Where an entry holds an image, leave the image out; otherwise reproduce the entry exactly.

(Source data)
- - -
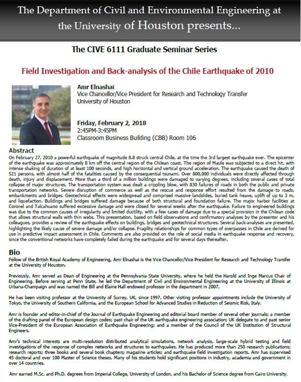 [CCoE Notice] CIVE 6111 Graduate Seminar-Dr. Amr Elnashai -Friday, February 2nd from 2:30PM-4:00PM-CBB Room 106
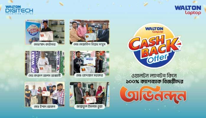 উল্লেখ্য, প্রযুক্তিপণ্যের ক্রেতাদেরকে আরো সাশ্রয়ী মূল্যে কম্পিউটার, ল্যাপটপসহ বিভিন্ন ডিজিটাল ডিভাইস প্রদানে আবারও শতভাগ পর্যন্ত ক্যাশব্যাক সুবিধা নিয়ে এসেছে ওয়ালটন ডিজি-টেক ইন্ডাস্ট্রিজ লিমিটেড। গত ৮ ফেব্রুয়ারি ওয়ালটন কম্পিউটার ক্যাশব্যাক অফারের উদ্বোধন করেন ডাক, টেলিযোগাযোগ ও তথ্যপ্রযুক্তি প্রতিমন্ত্রী জুনাইদ আহমেদ পলক। শুরু থেকেই এ অফার ক্রেতাদের মাঝে দারুণ সাড়া ফেলে।
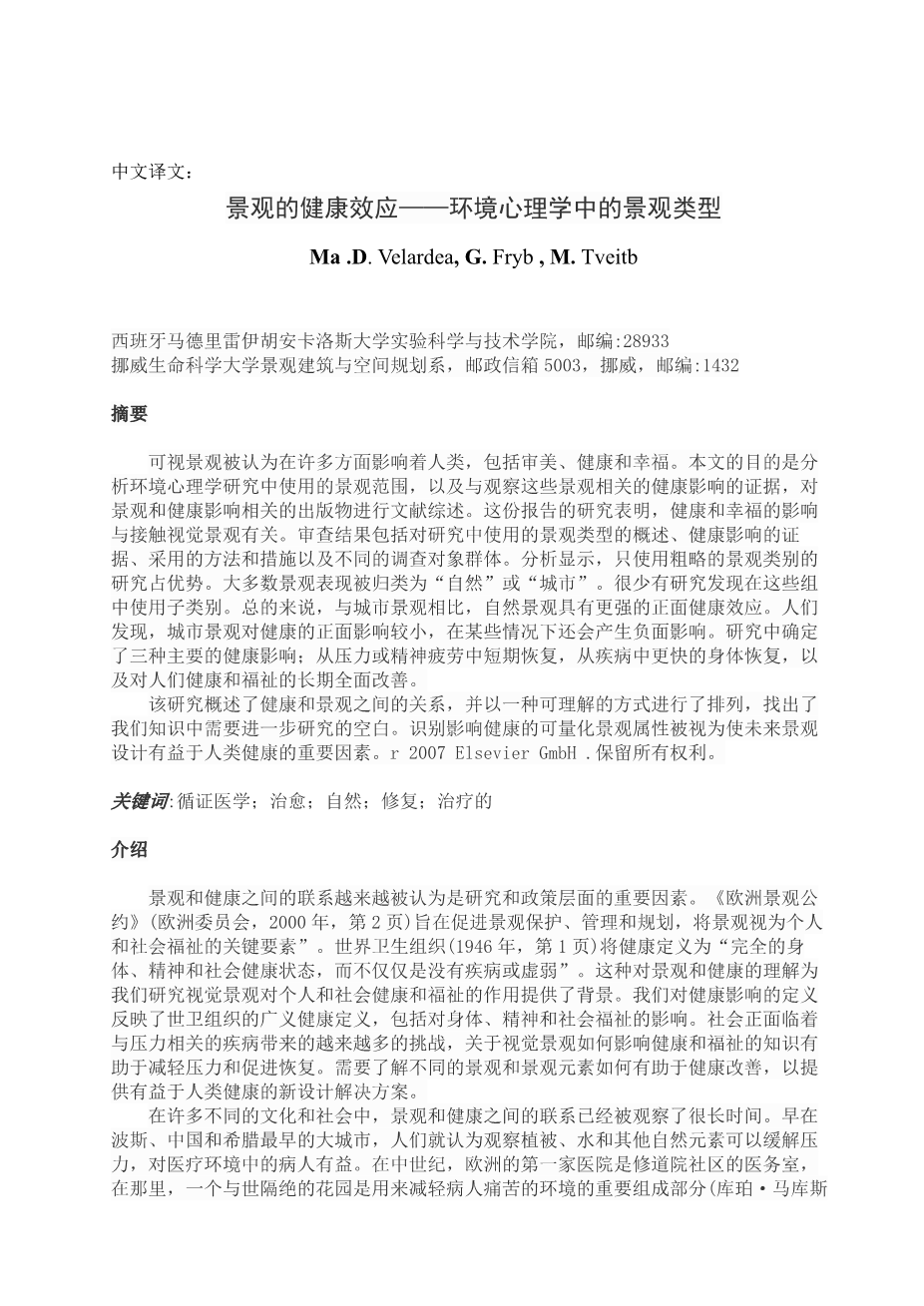 附原文:Health effects of viewing landscapes – Landscape types in environmental psychology
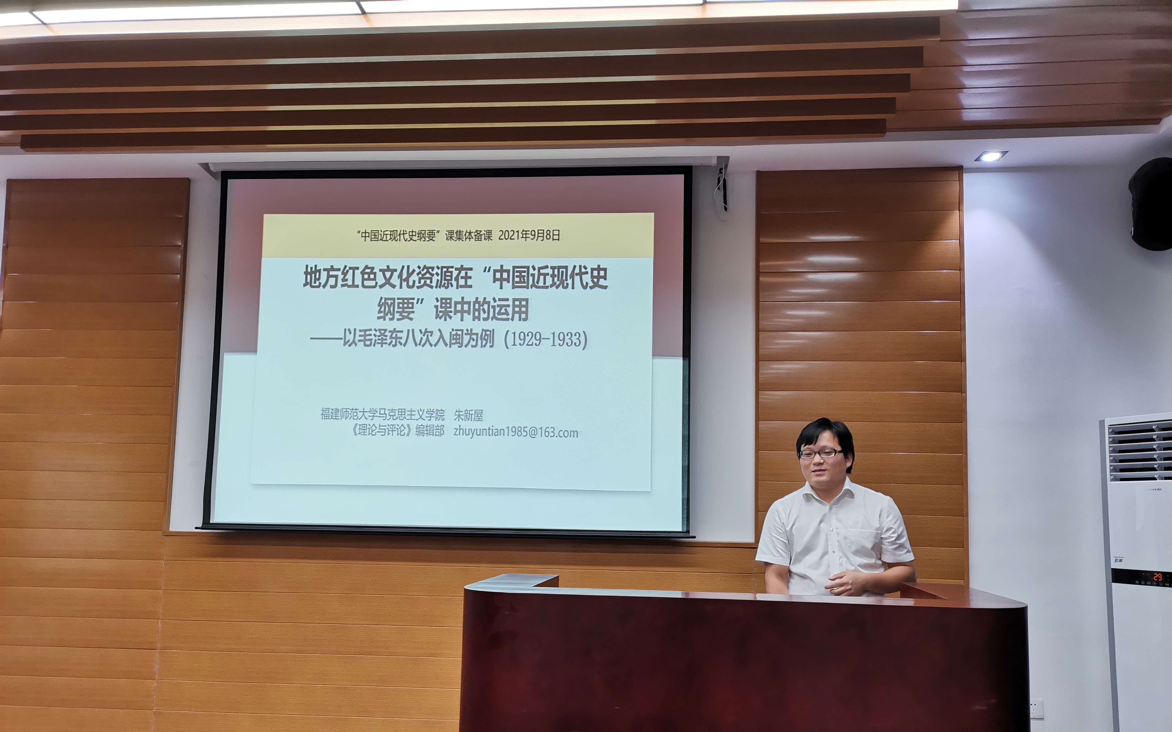 9月8日下午,党史学习教育省委宣讲团成员、福建师范大学朱新屋副教授应邀到新葡的京集团作题为“地方红色文化资源在‘中国近现代史纲要’课中的运用——以毛泽东八次入闽为例(1929-1933)”的示范教学。校党委副书记吴访益和马克思主义学院教师参加学习。
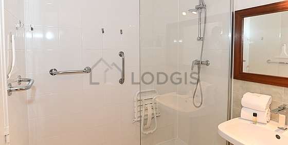 Este apartamento tiene una sala de baño. Este baño tiene todo lo necesario para su bienestar diario. El WC está separado de la sala del baño y ubicado en un espacio independiente.
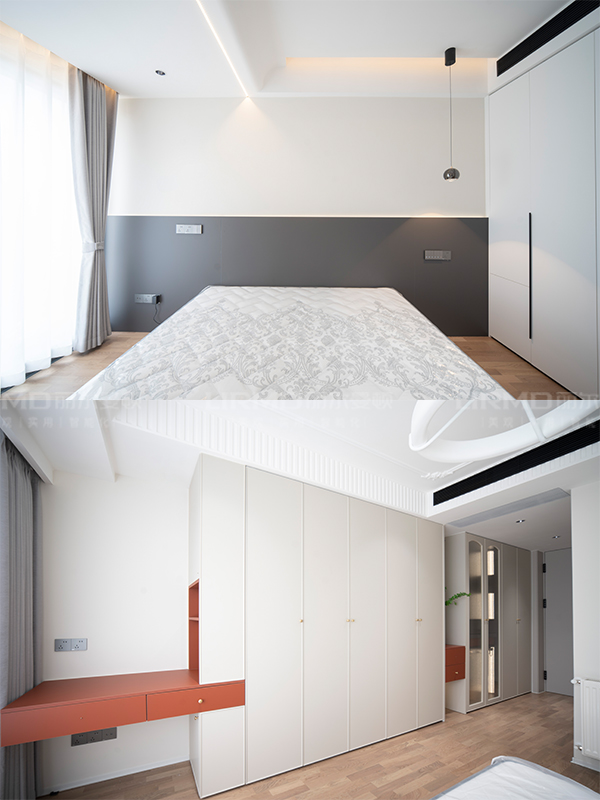 全屋高端定制:柜體板材18厚杉木實芯板,柜門有pet膚感、高光、超晶、五金使用原裝進口奧地利百隆五金
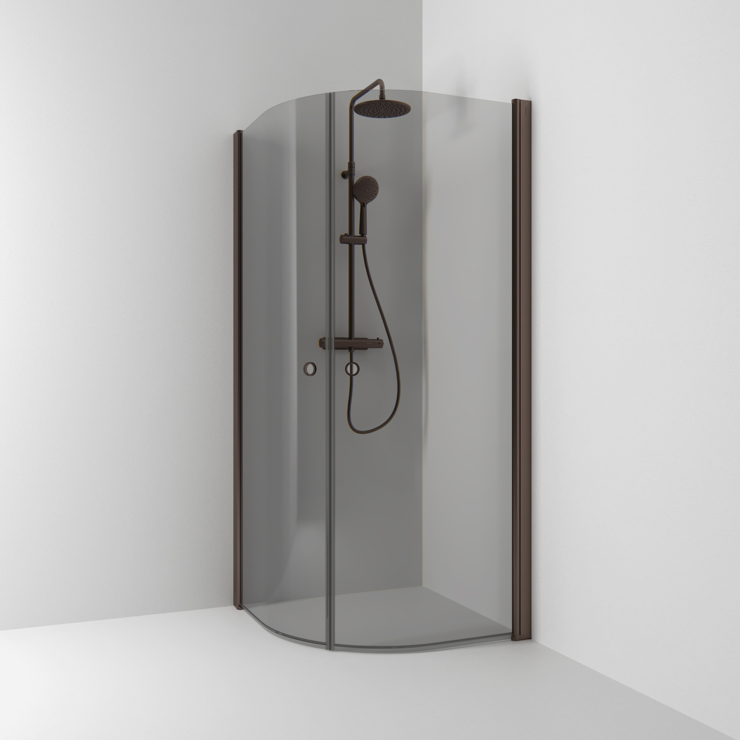 Duschhörn Svedbergs Skoga Halvrund skapar med sin mjuka och följsamma formgivning lugn och harmoni. Profilerna tillåter rördragning. Skogas duschvarianter kommer med hålgrepp som standard. Hålgreppet matchar duschprofilerna. Skoga förvaring passar ihop med alla Skoga profilduschar och ger dig extra vertikal förvaring på duschens insida. Förvaringen monteras mellan dusch och vägg samt har fem fasta hyllor.Väggprofil medger rördragning 30 mm från vägg. Duschväggarna kan kompletteras med byggprofiler med djup 30 alt 50 mm. Samtliga mått är vändbara för höger alt vänsterplacering av duschhörnet.DesignSlimmat, praktiskt och tättslutande med fokus på funktion och flexibilitet. ValbarhetHörn-, nisch- och skärmvägg. Hörndusch och skärmvägg för badkar. Integrerad platsbesparande Skoga Förvaring.FunktionInvikningsbar och platsbesparande. Vändbar för höger och vänster placering. Lyftbeslag för enkel öppning, stängning och rengöring. Förberedd för limbeslag. Lättmonterad.Kvalité6 mm härdat säkerhetsglas. CE-märkt. Svensktillverkd med 20 års garanti. Egenskaper• Hörndusch• Mått: 80x80, 80x90, 90x90.• Höjd: 198 cm• Dörröppning: 99-114 cm.• Glas: Klarglas, rökglas, frostglas.• Profil: Alu blank, alu matt, polerad blyertssvart, svart matt.• Består av två öppningsbara dörrar med transparent tätningslist i nederkant.• Dörrarna kan vikas inåt när duschen inte används, vilket frigör maximal golvyta.• Tröskelfri - handikappvänlig.• Härdat säkerhetsglas 6 mm.• Väggprofil medger rördragning 30 mm från vägg.• Duschväggarna kan kompletteras med byggprofiler 30 alt 50 mm.• Samtliga mått är vändbara för höger alt vänsterplacering av duschhörnet.• Lätt att montera. Profilerna kommer monterade på glaset.• Inklusive hålgrepp. Handtag finns som tillval.• Svensktillverkad• 20 års GarantiSkötselrådRengöring av Svedbergs duschar sker enklast med en fuktig trasa med eventuellt lite vanligt rengöringsmedel. Rengöring av duschglasen sker med hjälp av, för badrum och ändamålet avsedda rengöringsprodukter. Avtorkning av ytorna bör ske med frottéhanduk eller annat mjukt material. Du bör undvika skurmedel och andra medel som innehåller slipmedel, syror eller ammoniak. Missfärgningar tar man lättast bort med citron - eller vinsyra, som man noga sköljer bort efteråt. För kalkavlagringar kan man använda hushållsättika som värmes till en temperatur av 50 °C. Gnid sedan in ättikan mot kalkfläcken och låt verka. Upprepa behandlingen vid behov.
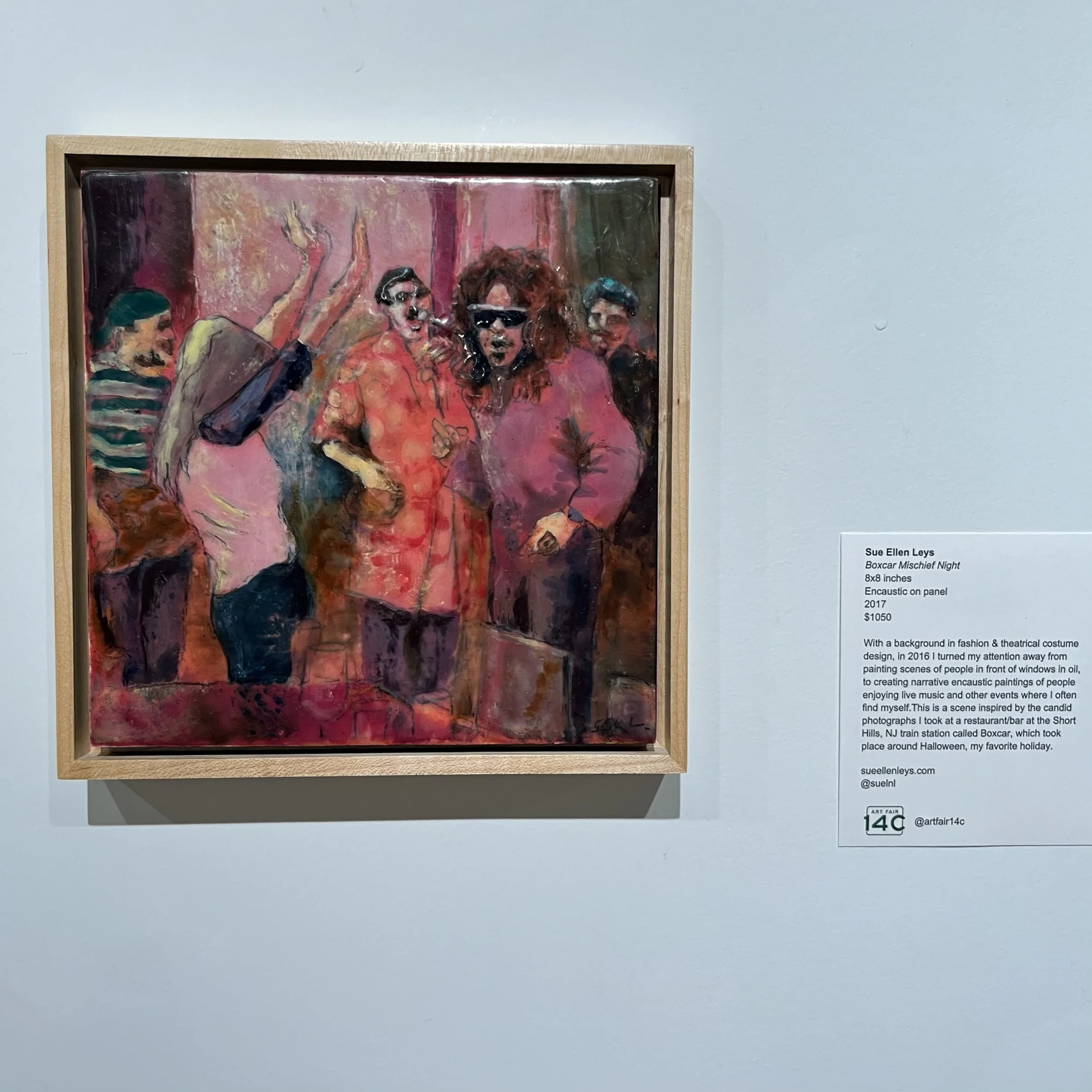 Pictured with "Coney Sideshow", 2017, 8"x8" Encaustic on panel
- - -
> Solution to this exercise
 [CCoE Notice] CIVE 6111 Graduate Seminar-Dr. Amr Elnashai -Friday, February 2nd from 2:30PM-4:00PM-CBB Room 106
 উল্লেখ্য, প্রযুক্তিপণ্যের ক্রেতাদেরকে আরো সাশ্রয়ী মূল্যে কম্পিউটার, ল্যাপটপসহ বিভিন্ন ডিজিটাল ডিভাইস প্রদানে আবারও শতভাগ পর্যন্ত ক্যাশব্যাক সুবিধা নিয়ে এসেছে ওয়ালটন ডিজি-টেক ইন্ডাস্ট্রিজ লিমিটেড। গত ৮ ফেব্রুয়ারি ওয়ালটন কম্পিউটার ক্যাশব্যাক অফারের উদ্বোধন করেন ডাক, টেলিযোগাযোগ ও তথ্যপ্রযুক্তি প্রতিমন্ত্রী জুনাইদ আহমেদ পলক। শুরু থেকেই এ অফার ক্রেতাদের মাঝে দারুণ সাড়া ফেলে।
 附原文:Health effects of viewing landscapes – Landscape types in environmental psychology
 9月8日下午,党史学习教育省委宣讲团成员、福建师范大学朱新屋副教授应邀到新葡的京集团作题为“地方红色文化资源在‘中国近现代史纲要’课中的运用——以毛泽东八次入闽为例(1929-1933)”的示范教学。校党委副书记吴访益和马克思主义学院教师参加学习。
 Este apartamento tiene una sala de baño. Este baño tiene todo lo necesario para su bienestar diario. El WC está separado de la sala del baño y ubicado en un espacio independiente.
 全屋高端定制:柜體板材18厚杉木實芯板,柜門有pet膚感、高光、超晶、五金使用原裝進口奧地利百隆五金
 Duschhörn Svedbergs Skoga Halvrund skapar med sin mjuka och följsamma formgivning lugn och harmoni. Profilerna tillåter rördragning. Skogas duschvarianter kommer med hålgrepp som standard. Hålgreppet matchar duschprofilerna. Skoga förvaring passar ihop med alla Skoga profilduschar och ger dig extra vertikal förvaring på duschens insida. Förvaringen monteras mellan dusch och vägg samt har fem fasta hyllor.Väggprofil medger rördragning 30 mm från vägg. Duschväggarna kan kompletteras med byggprofiler med djup 30 alt 50 mm. Samtliga mått är vändbara för höger alt vänsterplacering av duschhörnet.DesignSlimmat, praktiskt och tättslutande med fokus på funktion och flexibilitet. ValbarhetHörn-, nisch- och skärmvägg. Hörndusch och skärmvägg för badkar. Integrerad platsbesparande Skoga Förvaring.FunktionInvikningsbar och platsbesparande. Vändbar för höger och vänster placering. Lyftbeslag för enkel öppning, stängning och rengöring. Förberedd för limbeslag. Lättmonterad.Kvalité6 mm härdat säkerhetsglas. CE-märkt. Svensktillverkd med 20 års garanti. Egenskaper• Hörndusch• Mått: 80x80, 80x90, 90x90.• Höjd: 198 cm• Dörröppning: 99-114 cm.• Glas: Klarglas, rökglas, frostglas.• Profil: Alu blank, alu matt, polerad blyertssvart, svart matt.• Består av två öppningsbara dörrar med transparent tätningslist i nederkant.• Dörrarna kan vikas inåt när duschen inte används, vilket frigör maximal golvyta.• Tröskelfri - handikappvänlig.• Härdat säkerhetsglas 6 mm.• Väggprofil medger rördragning 30 mm från vägg.• Duschväggarna kan kompletteras med byggprofiler 30 alt 50 mm.• Samtliga mått är vändbara för höger alt vänsterplacering av duschhörnet.• Lätt att montera. Profilerna kommer monterade på glaset.• Inklusive hålgrepp. Handtag finns som tillval.• Svensktillverkad• 20 års GarantiSkötselrådRengöring av Svedbergs duschar sker enklast med en fuktig trasa med eventuellt lite vanligt rengöringsmedel. Rengöring av duschglasen sker med hjälp av, för badrum och ändamålet avsedda rengöringsprodukter. Avtorkning av ytorna bör ske med frottéhanduk eller annat mjukt material. Du bör undvika skurmedel och andra medel som innehåller slipmedel, syror eller ammoniak. Missfärgningar tar man lättast bort med citron - eller vinsyra, som man noga sköljer bort efteråt. För kalkavlagringar kan man använda hushållsättika som värmes till en temperatur av 50 °C. Gnid sedan in ättikan mot kalkfläcken och låt verka. Upprepa behandlingen vid behov.
 Pictured with "Coney Sideshow", 2017, 8"x8" Encaustic on panel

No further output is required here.